A par da Trufa, a Gelateria Belvedere também associou o seu nome a outras criações distintivas, entre as quais o famoso Bolo Belvedere, que ganhou prémios e reconhecimentos ao longo dos anos e continua a representar um dos produtos mais identificadores da empresa, celebrando o centenário do seu nascimento em 2026. A qualidade das matérias-primas, o trabalho artesanal no acabamento e a fidelidade à tradição acompanharam todas as fases desta longa história.
A trajetória da Gelateria Belvedere também é marcada pela sucessão de gerações familiares.
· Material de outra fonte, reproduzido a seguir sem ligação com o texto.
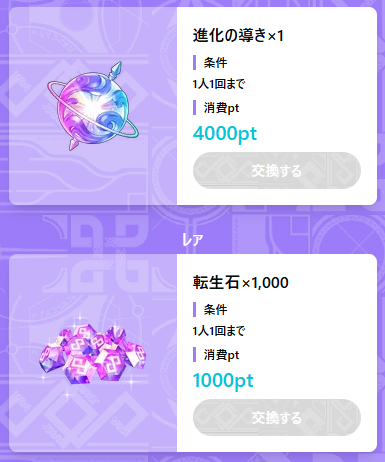 ミッションでポイントを貯めると、進化の導きや転生石1000個を入手する事ができる。他にもウエハース開封時短チケット×150、プレゼントアイテム10種セット×1(条件1人10回まで)があります。

Depois de Antonio Belvedere (1901-1919), a liderança passou para Domenico Belvedere (1920-1982), protagonista da fase de desenvolvimento e inovação. Posteriormente, da década de 1980 até 2000, as rédeas do negócio foram confiadas a Angelo Belvedere, filho de Domenico, conhecido por muitos como Don Angelo ou Angelo ‘U Gattu, o histórico mestre de sorvetes da cidade. De 2001 até hoje, a tradição é continuada por Domenico e Fabio Belvedere, guardiões de um legado familiar construído ao longo de mais de um século de trabalho.
Hoje a Gelateria Belvedere enfrenta a quinta geração da família, mantendo o seu valor patrimonial histórico no coração de Pizzo, na Piazza della Repubblica 43-44. Neste local simbólico, a história continua todos os dias, renovando um vínculo profundo com a cidade e com aqueles que, ao longo do tempo, fizeram deste local uma paragem imperdível. Comemorar os 125 anos da Gelateria Belvedere significa, portanto, celebrar não apenas uma atividade comercial histórica, mas um autêntico patrimônio de saberes, gostos e memória. Uma história que começou em 1901 e chega até hoje graças à paixão, engenhosidade e continuidade de uma família que soube transformar o seu nome num símbolo de excelência.